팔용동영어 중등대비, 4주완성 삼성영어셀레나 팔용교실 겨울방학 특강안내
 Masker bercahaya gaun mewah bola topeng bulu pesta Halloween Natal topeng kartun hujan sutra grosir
==
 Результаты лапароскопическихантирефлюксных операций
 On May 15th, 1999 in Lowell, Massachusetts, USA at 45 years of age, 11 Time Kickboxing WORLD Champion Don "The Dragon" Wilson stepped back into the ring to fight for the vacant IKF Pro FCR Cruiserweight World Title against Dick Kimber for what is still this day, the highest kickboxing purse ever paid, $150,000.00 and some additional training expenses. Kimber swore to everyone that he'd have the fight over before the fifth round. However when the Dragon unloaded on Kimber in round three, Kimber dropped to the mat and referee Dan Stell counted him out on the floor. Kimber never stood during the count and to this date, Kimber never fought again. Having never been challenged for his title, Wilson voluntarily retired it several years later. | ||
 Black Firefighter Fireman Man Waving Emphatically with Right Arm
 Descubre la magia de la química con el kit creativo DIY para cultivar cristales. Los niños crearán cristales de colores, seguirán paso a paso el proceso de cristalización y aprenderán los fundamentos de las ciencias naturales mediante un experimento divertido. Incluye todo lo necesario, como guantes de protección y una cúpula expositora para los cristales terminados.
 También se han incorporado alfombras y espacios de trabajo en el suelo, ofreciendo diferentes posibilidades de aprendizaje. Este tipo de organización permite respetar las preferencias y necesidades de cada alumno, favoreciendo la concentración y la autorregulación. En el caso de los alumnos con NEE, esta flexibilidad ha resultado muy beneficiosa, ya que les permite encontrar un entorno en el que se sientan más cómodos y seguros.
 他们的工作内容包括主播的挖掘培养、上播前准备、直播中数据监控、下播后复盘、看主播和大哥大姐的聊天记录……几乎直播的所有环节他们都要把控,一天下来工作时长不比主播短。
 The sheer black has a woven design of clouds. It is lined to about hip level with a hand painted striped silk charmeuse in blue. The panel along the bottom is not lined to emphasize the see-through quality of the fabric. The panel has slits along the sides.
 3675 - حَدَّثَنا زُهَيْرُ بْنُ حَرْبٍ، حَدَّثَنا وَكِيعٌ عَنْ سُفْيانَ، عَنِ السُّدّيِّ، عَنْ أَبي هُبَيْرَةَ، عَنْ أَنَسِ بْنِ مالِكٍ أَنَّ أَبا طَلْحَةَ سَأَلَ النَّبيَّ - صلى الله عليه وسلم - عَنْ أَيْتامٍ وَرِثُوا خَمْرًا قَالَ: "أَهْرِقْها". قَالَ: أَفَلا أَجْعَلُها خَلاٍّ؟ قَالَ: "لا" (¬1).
* * *
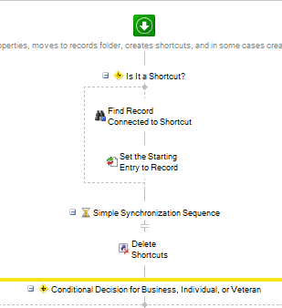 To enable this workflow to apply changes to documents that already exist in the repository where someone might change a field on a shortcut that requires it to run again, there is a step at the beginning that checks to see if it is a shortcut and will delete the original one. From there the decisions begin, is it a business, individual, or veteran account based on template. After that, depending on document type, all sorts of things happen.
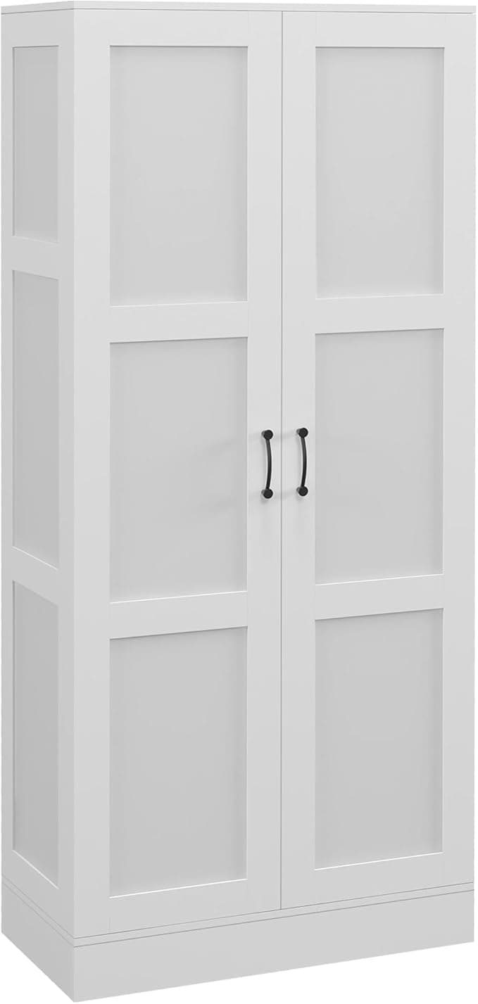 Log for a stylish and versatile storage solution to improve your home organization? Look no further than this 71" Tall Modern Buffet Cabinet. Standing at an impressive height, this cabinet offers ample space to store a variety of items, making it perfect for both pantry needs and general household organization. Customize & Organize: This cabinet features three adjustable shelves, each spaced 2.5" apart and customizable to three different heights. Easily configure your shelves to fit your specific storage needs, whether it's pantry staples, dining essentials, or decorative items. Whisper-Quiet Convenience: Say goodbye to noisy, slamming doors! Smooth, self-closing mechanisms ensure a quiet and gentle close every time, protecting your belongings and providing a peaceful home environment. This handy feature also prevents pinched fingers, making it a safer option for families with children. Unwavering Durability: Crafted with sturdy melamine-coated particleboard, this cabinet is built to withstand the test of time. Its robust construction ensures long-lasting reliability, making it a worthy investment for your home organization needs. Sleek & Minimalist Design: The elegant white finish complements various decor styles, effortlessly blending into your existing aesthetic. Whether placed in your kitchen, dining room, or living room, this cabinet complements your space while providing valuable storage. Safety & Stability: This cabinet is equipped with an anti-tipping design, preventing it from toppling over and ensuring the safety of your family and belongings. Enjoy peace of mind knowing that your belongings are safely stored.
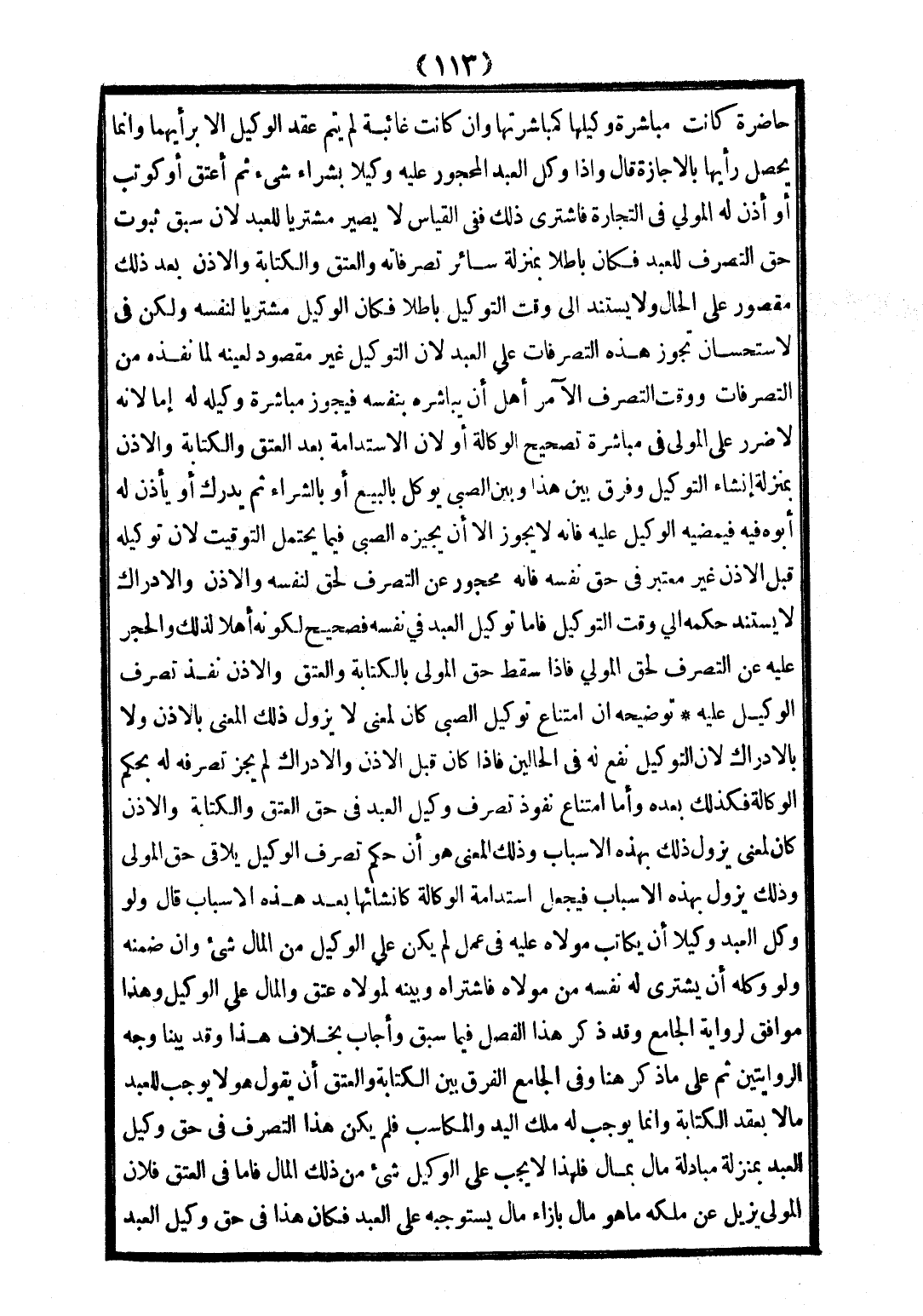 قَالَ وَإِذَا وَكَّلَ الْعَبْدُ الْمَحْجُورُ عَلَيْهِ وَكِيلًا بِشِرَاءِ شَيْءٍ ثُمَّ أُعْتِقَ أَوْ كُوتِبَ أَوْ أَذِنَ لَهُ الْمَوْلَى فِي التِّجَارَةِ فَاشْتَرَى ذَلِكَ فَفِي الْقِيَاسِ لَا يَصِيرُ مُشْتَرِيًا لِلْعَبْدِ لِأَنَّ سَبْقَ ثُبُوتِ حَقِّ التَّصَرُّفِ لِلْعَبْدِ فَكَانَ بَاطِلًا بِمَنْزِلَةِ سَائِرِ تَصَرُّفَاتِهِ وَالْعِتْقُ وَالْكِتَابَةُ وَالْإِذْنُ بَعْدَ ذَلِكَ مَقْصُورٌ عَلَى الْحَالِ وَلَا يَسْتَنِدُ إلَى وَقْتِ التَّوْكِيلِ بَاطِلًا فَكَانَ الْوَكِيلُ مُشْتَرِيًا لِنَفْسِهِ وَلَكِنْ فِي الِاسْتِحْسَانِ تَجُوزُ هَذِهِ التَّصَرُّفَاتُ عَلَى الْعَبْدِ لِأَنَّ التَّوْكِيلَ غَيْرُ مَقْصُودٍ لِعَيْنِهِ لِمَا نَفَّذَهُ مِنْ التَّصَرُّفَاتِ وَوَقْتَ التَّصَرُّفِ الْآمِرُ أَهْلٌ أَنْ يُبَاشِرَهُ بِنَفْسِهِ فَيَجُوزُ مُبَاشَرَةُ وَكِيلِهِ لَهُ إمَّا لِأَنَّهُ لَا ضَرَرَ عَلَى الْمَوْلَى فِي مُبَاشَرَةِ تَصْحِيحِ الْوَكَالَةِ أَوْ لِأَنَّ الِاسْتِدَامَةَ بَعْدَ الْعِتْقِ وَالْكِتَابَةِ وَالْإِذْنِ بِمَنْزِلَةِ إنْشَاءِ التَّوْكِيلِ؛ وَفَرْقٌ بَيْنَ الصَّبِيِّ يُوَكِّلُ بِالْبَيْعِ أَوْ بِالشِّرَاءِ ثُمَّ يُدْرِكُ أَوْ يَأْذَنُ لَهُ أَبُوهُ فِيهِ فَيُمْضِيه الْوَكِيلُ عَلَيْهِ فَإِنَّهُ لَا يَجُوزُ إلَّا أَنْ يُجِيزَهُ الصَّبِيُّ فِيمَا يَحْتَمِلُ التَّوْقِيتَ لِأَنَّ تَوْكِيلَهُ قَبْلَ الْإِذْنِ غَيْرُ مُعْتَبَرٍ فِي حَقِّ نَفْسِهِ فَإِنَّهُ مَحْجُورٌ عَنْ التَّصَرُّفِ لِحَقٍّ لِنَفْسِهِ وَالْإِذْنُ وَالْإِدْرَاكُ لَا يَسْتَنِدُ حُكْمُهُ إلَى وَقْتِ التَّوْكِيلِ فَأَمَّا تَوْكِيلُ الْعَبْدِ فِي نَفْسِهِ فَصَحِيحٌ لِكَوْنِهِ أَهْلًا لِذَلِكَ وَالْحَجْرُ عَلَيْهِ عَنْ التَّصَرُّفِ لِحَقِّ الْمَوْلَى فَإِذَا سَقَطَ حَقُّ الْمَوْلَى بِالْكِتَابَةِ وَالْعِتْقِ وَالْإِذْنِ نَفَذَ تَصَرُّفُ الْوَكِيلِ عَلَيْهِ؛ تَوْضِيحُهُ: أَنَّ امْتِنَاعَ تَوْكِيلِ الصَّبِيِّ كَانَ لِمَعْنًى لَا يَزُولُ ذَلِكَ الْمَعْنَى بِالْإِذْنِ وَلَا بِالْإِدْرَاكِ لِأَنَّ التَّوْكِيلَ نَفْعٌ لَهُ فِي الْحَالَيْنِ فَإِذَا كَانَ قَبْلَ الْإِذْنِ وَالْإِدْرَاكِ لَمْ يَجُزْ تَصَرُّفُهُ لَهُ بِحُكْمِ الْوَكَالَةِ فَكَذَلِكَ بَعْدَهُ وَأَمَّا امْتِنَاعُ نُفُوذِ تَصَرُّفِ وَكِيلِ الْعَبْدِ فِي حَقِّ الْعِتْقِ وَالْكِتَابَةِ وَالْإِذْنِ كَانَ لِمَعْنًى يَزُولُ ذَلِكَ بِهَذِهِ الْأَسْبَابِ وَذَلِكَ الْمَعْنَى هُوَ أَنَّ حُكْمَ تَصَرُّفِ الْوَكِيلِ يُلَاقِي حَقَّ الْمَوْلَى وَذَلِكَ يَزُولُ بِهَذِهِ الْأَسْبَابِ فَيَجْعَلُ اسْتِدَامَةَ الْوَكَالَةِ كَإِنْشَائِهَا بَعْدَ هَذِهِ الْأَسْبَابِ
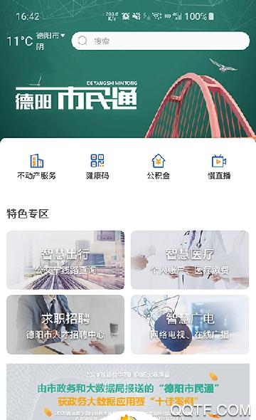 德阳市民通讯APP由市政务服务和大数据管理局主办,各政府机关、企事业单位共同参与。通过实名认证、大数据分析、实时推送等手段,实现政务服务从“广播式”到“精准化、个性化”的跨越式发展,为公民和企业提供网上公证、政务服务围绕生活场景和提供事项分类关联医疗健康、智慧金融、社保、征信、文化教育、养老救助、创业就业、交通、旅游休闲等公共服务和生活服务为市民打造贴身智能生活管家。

• **ACTIVITY**: Produce only the lines from the line containing "팔용동영어 중등대비, 4주완성 삼성영어셀레나 팔용교실 겨울방학 특강안내" through the line containing "Masker bercahaya gaun", inclusive of both, exactly as they stand in the entries above.

• **WRITTEN REPLY**:
팔용동영어 중등대비, 4주완성 삼성영어셀레나 팔용교실 겨울방학 특강안내
 Masker bercahaya gaun mewah bola topeng bulu pesta Halloween Natal topeng kartun hujan sutra grosir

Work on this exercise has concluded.